Relations between the United States and Mozambique are good and steadily improving. Besides Madagascar, Mozambique was the only East African country to be involved in importing African slaves to the Americas. By 1993, U.S. aid to Mozambique was prominent, due in part to significant emergency food assistance in the wake of the 1991-93 southern African drought, but more important in support of the peace and reconciliation process. During the process leading up to elections in October 1994, the United States served as a significant financier and member of the most important commissions established to monitor implementation of the Rome General Peace Accords.

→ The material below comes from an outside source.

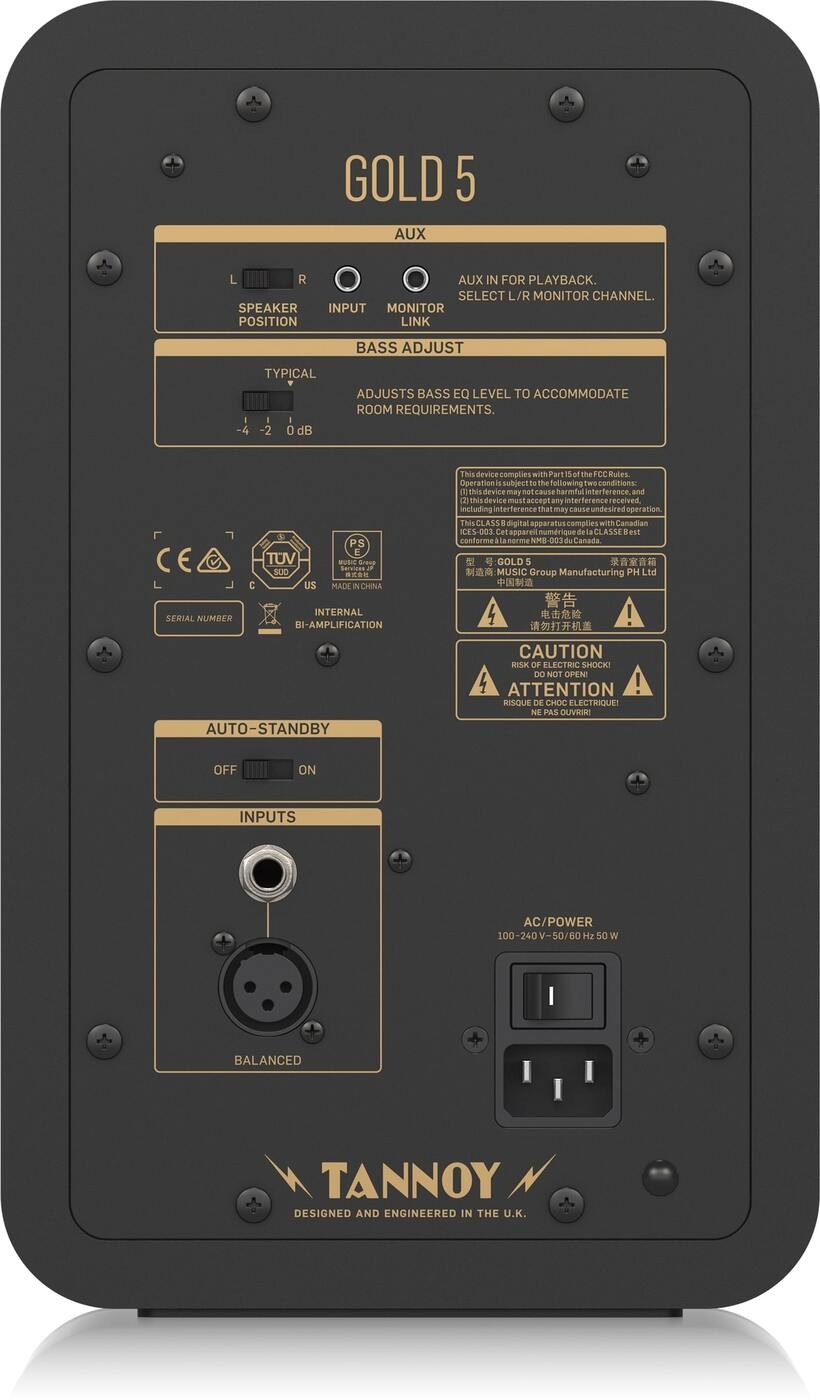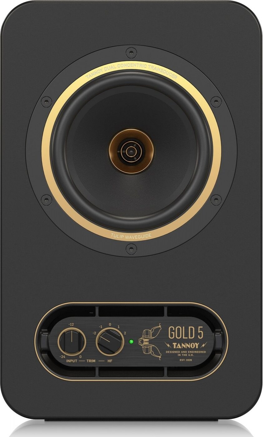 Tannoy Gold 5 - референсный активный студийный монитор ближнего поля, разработанный для точного неокрашенного воспроизведения звука и обеспечивающий выдающуюся четкость звучания. Точный и нейтральный звук не утомляет звукоинженера и позволяет проводить более долгие сессии. В мониторе установлен 5” динамик нового поколения, превосходно передающий все оттенки громкости и обладающий великолепной музыкальной артикуляцией. Двойная концентрическая технология обеспечивает фазовую когерентность и исходящую из точечного источника звуковую картину. Порт фазоинвертора на передней стенке позволяет располагать монитор близко к стене и оптимизирует воспроизведение низких частот. Титановый 0,75” твиттер с тюльпанообразым волноводом обеспечивает детальный стерео имидж и расширяет благоприятное для прослушивания пространство. Двойной усилитель класса AB мощностью 200 Вт рассчитан на использование с установленными в мониторе трансдюсерами и раздельно усиливает низкие и высокие частоты, точно передавая динамику. Постоянно активные входы XLR и ¼” позволяют подключить к монитору два источника сигнала, а с помощью регуляторов можно подстроить звучание монитора под особенности помещения. Предусмотрена энергосберегающая система перевода монитора в режим ожидания.

The United States is the largest bilateral donor to the country and plays a leading role in donor efforts to assist Mozambique.

The U.S. Embassy opened in Maputo on November 8, 1975, and the first American ambassador arrived in March 1976. In that same year, the United States extended a $10 million grant to the Government of Mozambique to help compensate for the economic costs of enforcing sanctions against Rhodesia. In 1977, however, largely motivated by a concern with human rights violations, the U.S. Congress prohibited the provision of development aid to Mozambique without a presidential certification that such aid would be in the foreign policy interests of the United States. Relations hit a nadir in March 1981, when the Government of Mozambique expelled four members of the U.S. Embassy staff. In response, the United States suspended plans to provide development aid and to name a new ambassador to Mozambique. Relations between the two countries languished in a climate of stagnation and mutual suspicion.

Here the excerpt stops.